Hoffman found that the 1940 Cuban Constitution, the Universal Declaration of Human Rights, and Article 88g of the 1992 Cuban Constitution that made the Varela Project possible were largely the result of one talented Cuban who over the course of his career had been a diplomat, jurist, and scholar, but you’ve never heard of him. In fact, he has been called the “forgotten man.”
His name was Gustavo Gutierrez Sanchez and he was born in Camajuani, in the Province of Santa Clara, Cuba on September 20, 1895, and he died in exile in Miami on July 17, 1959 at age 63. In 1916, at just 21 years of age he had obtained doctorates in Civil and Public Law, and became Assistant Professor of International Public Law in the University of Havana, and in 1919 became the department head at age 24.
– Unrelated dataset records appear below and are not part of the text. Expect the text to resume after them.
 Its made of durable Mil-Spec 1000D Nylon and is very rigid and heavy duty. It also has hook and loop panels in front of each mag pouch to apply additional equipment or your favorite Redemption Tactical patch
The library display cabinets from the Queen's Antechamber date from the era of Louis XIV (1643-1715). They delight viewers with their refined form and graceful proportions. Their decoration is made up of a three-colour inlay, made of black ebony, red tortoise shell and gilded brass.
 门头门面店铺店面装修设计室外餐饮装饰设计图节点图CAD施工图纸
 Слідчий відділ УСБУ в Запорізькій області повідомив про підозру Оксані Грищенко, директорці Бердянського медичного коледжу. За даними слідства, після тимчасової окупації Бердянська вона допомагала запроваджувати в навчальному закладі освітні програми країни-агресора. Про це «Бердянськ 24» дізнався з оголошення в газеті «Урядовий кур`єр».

Carlos Márquez Sterling, a Cuban historian and statesman who led the drafting of the country’s 1940 Constitution, in 1976 wrote an article in Diario de las Americas where he highlighted Gustavo Gutierrez’s role in the drafting of the 1940 Constitution.
“Gustavo had formed part of the Bicameral Commission which drafted the project of the Constitution and I can assure you that many of the institutions that later found expression in our original document were based on previous works created by Gustavo Gutierrez.”
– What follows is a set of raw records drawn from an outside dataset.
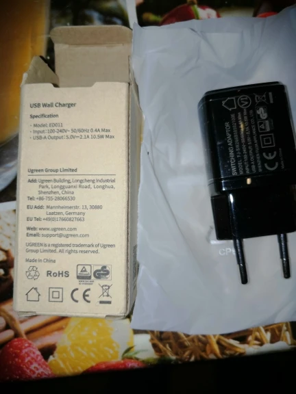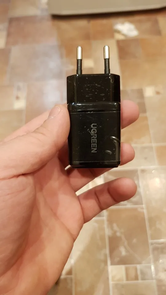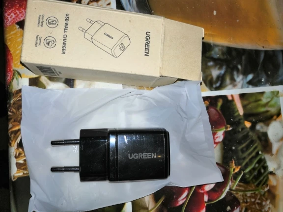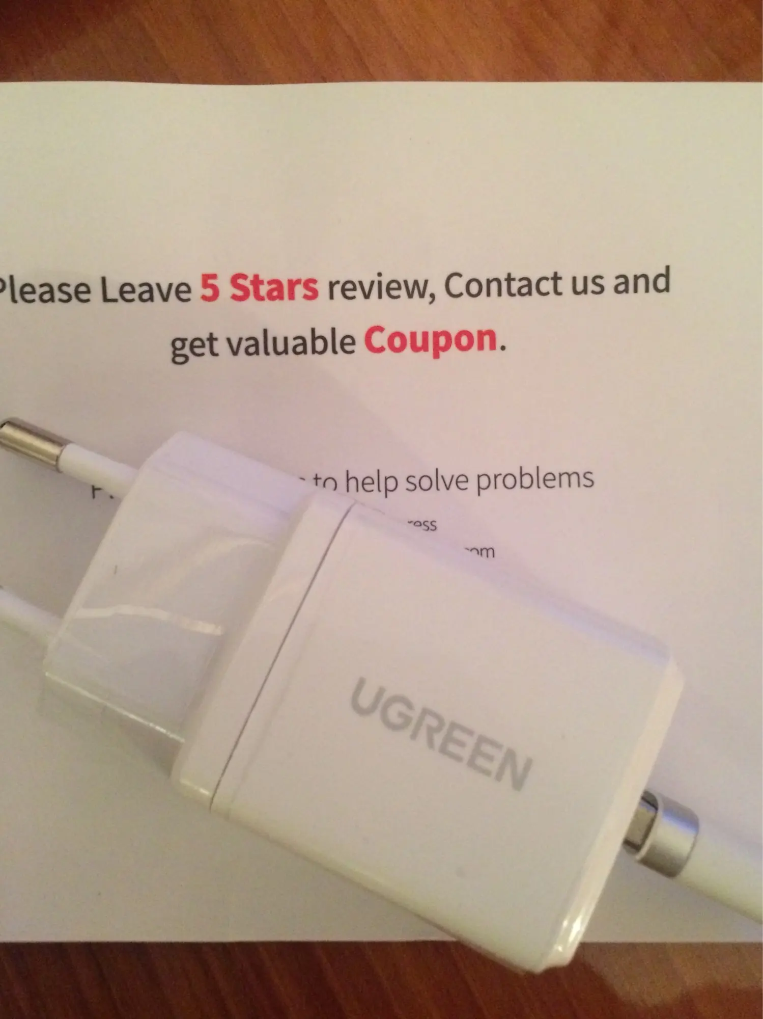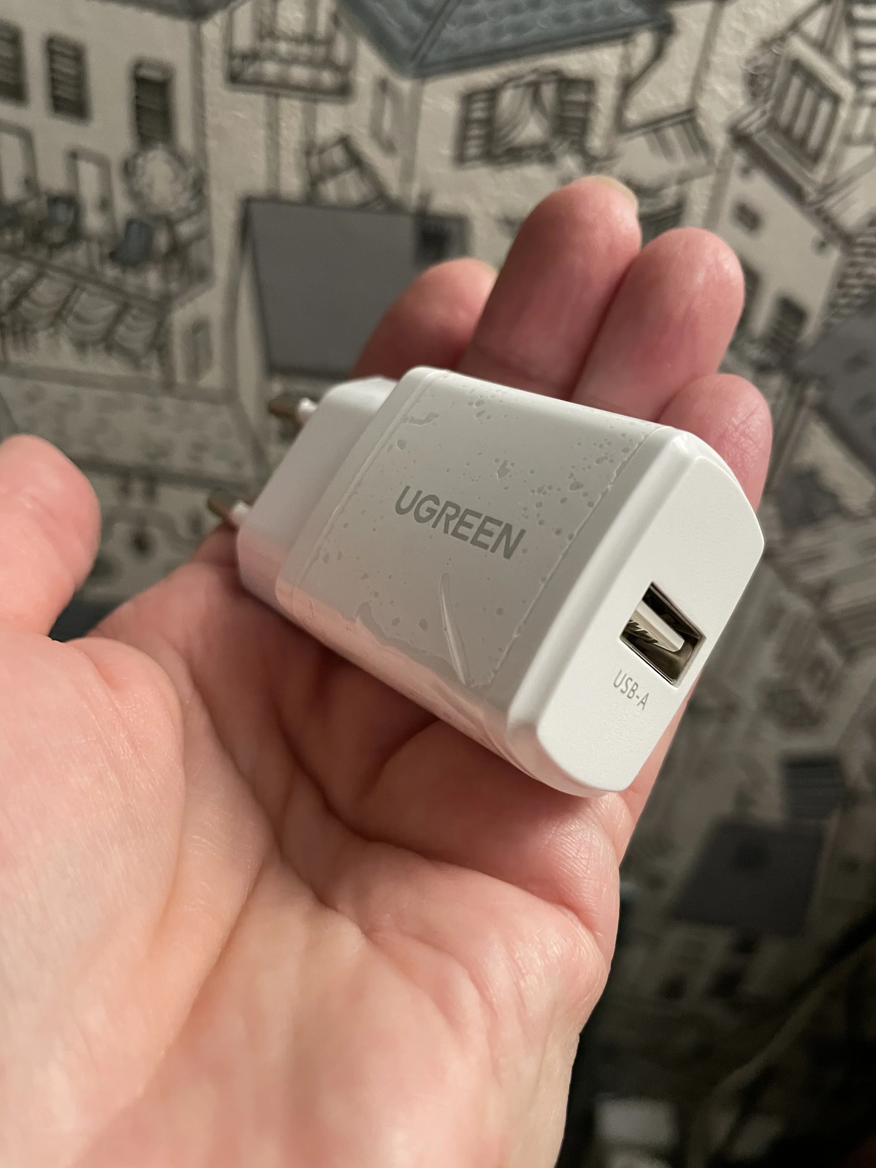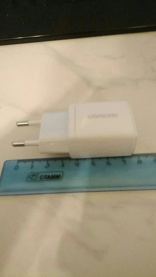 Описание точное, адаптер чуть меньше обычного, но это не критично.. Слегка нагревается, не сразу, посередине зарядки телефона... Кабель (любой) входит плотно в адаптер, но как то не до конца,на фото видно.. Продавец положил подарочек, спасибо.. Для обычного адаптера (не для быстрой зарядки! ) заряжает нормально.. Мне нравится фирма ugreen! Заказывала кабеля для телефонов так же.. Всегда упаковка на высоте.. Заказ в Латвию пришёл через 1,5 мес!
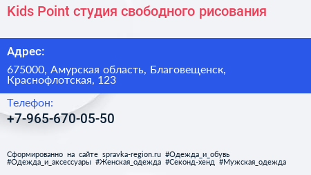 Kids Point, студия свободного рисования по адресу 675000, Амурская область, Благовещенск, Краснофлотская, 123 в дальнейшем Организация, размещена в следующих категориях:
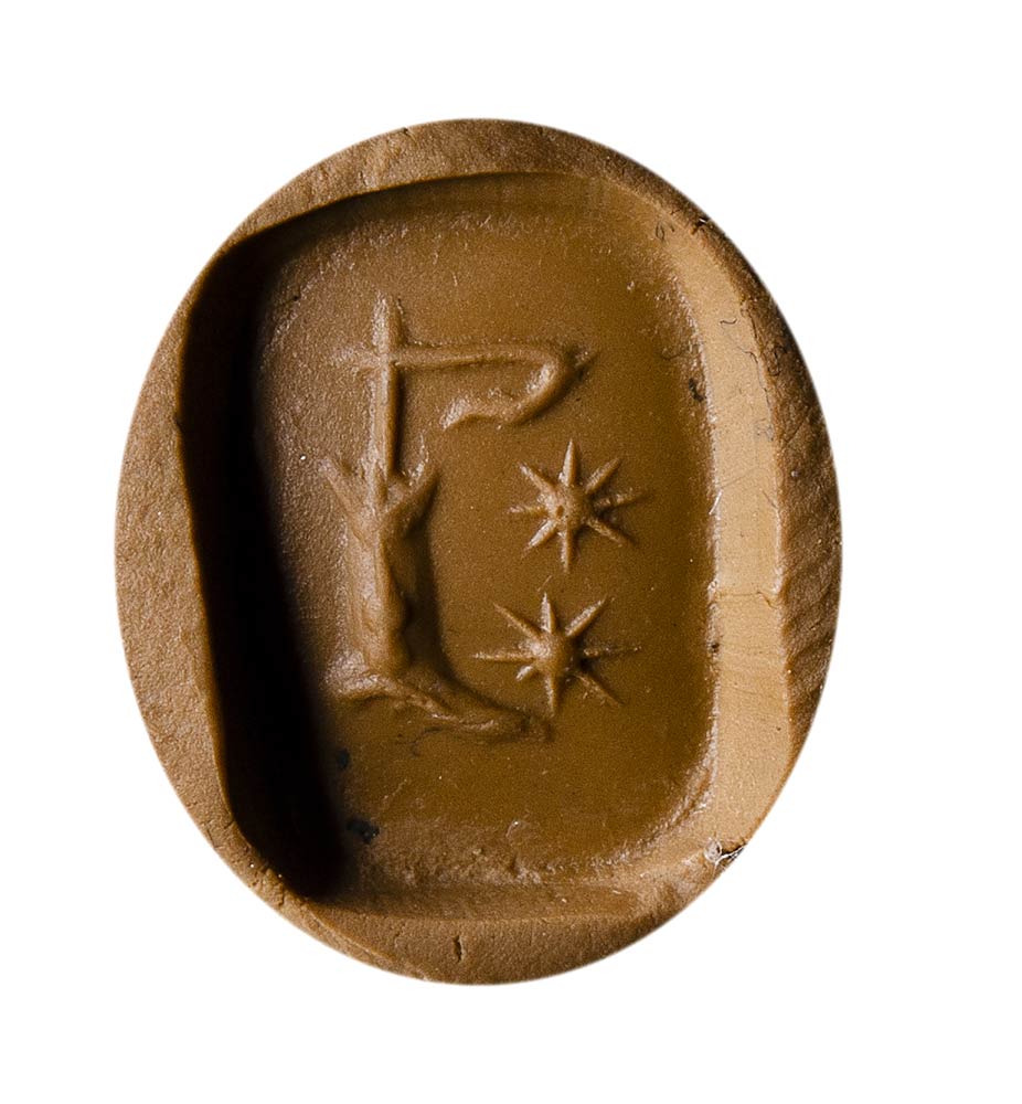 A rudder on the right, with two latin letters on the left « TA »; rudder with two star; rudder with a club and globe. Symbols of Tyche and good luck for travelers.

Hoffman in “Give Me Liberty” reported that the 1940 Constitution had a provision that had been drafted years earlier by Gustavo Gutierrez, and became “Article 135, Section F, which provided that laws could be proposed by congressmen and senators, government officials, courts, – and by citizens. ‘In this case,’ the constitution declared, ‘it will be an indispensable prerequisite that the initiative be exercised by at least ten thousand citizens having the same status of voters.”
The Cuban jurist believed that this clause would have given Cuban citizens a voice in public affairs that could have acted as a brake on Machado’s slide into dictatorship, or led to an earlier repeal of the Platt Amendment, or prevented Batista becoming a strong man. This provision somehow was recycled into the 1992 Cuban Constitution, and was the basis for the Project Varela that challenged totalitarian rule in Cuba beginning in 2002.